(Transcript from World News Radio)
70 years ago today, United States planes firebombed the Japanese capital Tokyo, in what's largely considered the single most deadly bombing raid in history.
The bombing in the dying months of the Second World War was more destructive than the atomic bombing of Hiroshima and Nagasaki.
Santilla Chingaipe has the deails.
It was the early hours of 10 March 1945 in the bustling shopping district of Asakusa.
It was hit by a massive payload of incendiary bombs dropped from U-S aircraft.
The attack began just after midnight and lasted for just over two-and-a-half-hours.
"The leading B-29s found their objective... Now, below us, Tokyo"
Part of Tokyo was reduced to charred rubble, tens-of-thousands were killed, and hundreds-of-thousands were left homeless.
Yoshitaka Kimura was seven-years-old when the air raid happened.
Seventy years on, he recalls seeking refuge in a department store that ended up being one of the few buildings in the area which stayed standing, as the city around him burned.
"(through translation) The fire bombs fell down like rain. It was similar to the firework festival along Sumida river today. Even as a child, I thought it was incredible - but that was it."
Mr Kimura had been running toward the Sumida river with his aunt and older sister, when as he describes it, gusts from a nearby explosion knocked him over and blew him into the back entrance of the department store.
He describes the escape as a stroke of luck.
" (through translation) So then I, and only I, was sucked into the building with the gust of the explosion. I was sucked in, because I was lying sideways, I had fallen over (from the gust caused by a bomb blast)."
Tens of thousands of people who fled to Sumida river were burned, crushed, drowned or suffocated in the firestorm.
That night, the US had switched tactics.
Earlier bombings were mostly high-altitude, daytime raids that targeted aircraft factories and other military facilities.
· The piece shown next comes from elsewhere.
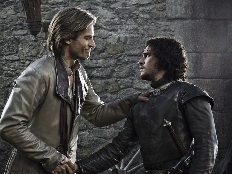 In “Lord Snow,” the third episode of Season 1, Jaime Lannister tells Robert Baratheon his first kill was an outlaw from the Brotherhood. Of course, we now know that he’s referring to the Brotherhood Without Banners, which Sandor Clegane recently joined forces with in Season 6. Perhaps Thoros of Myr even resurrected Jaime’s first kill.
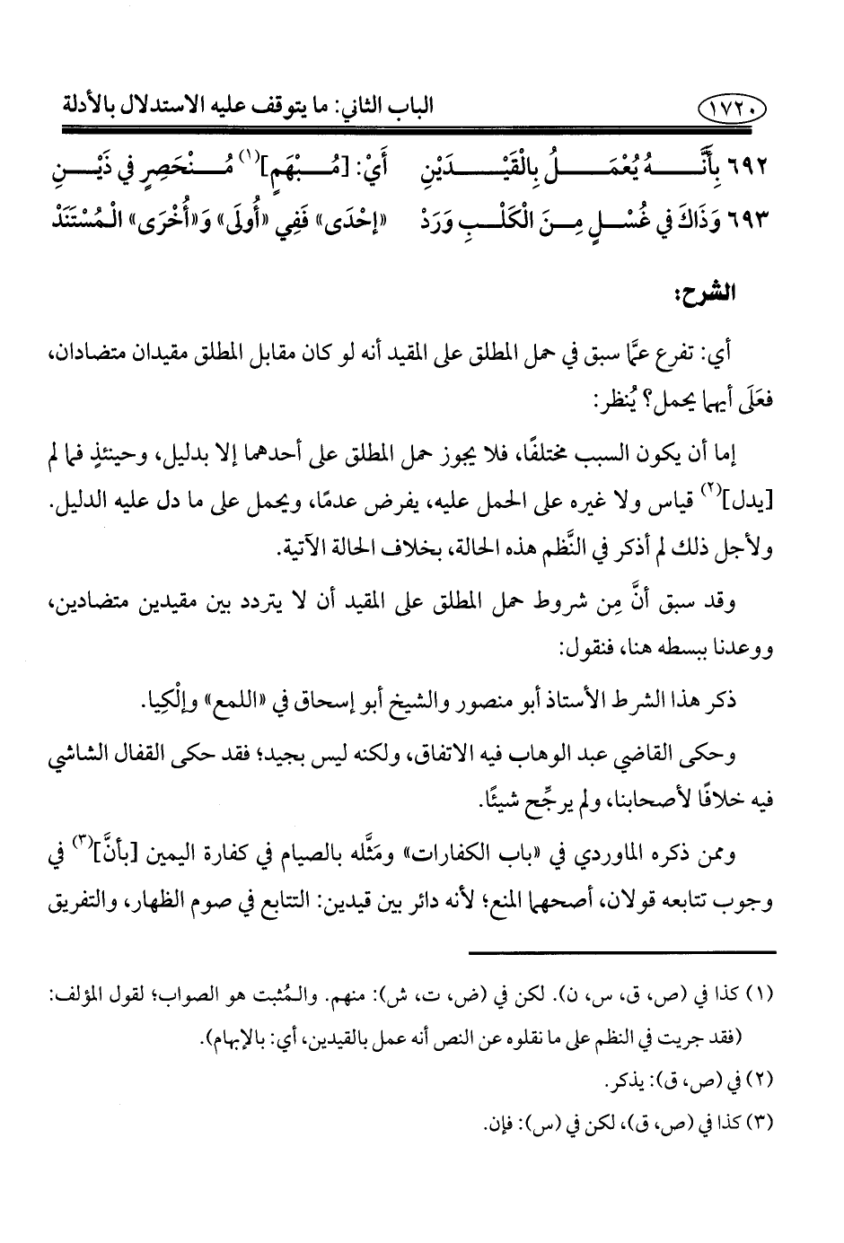 (¬١) كذا في (ص، ق، س، ن). لكن في (ض، ت، ش): منهم. والمُثبت هو الصواب؛ لقول المؤلف: (فقد جريت في النظم على ما نقلوه عن النَّصُّ أنَّه عمل بالقيدين، أي: بالإبهام).

"Suddenly in March he switched to low level night-time maximum effort fire raids, and Japan's dreams of a world empire went up in a flaming inferno. "
But on 10 March, the B29 bombers flew much lower, dumping thousands of napalm-equipped cluster bombs onto targets that included residential areas, torching traditional wood and paper homes.
Photographs taken in the days after the bombing show the vast devastation.
But Mr Kimura is now one of the few who remain to tell the story as an eyewitness.
"(through translation) Perhaps it isn't something that can be done, but I think people need to communicate more strongly, more deeply (about the air raid). There there could be some chance that it (war) can be avoided. We're all human. That's what I think. Maybe I'm being too bashful."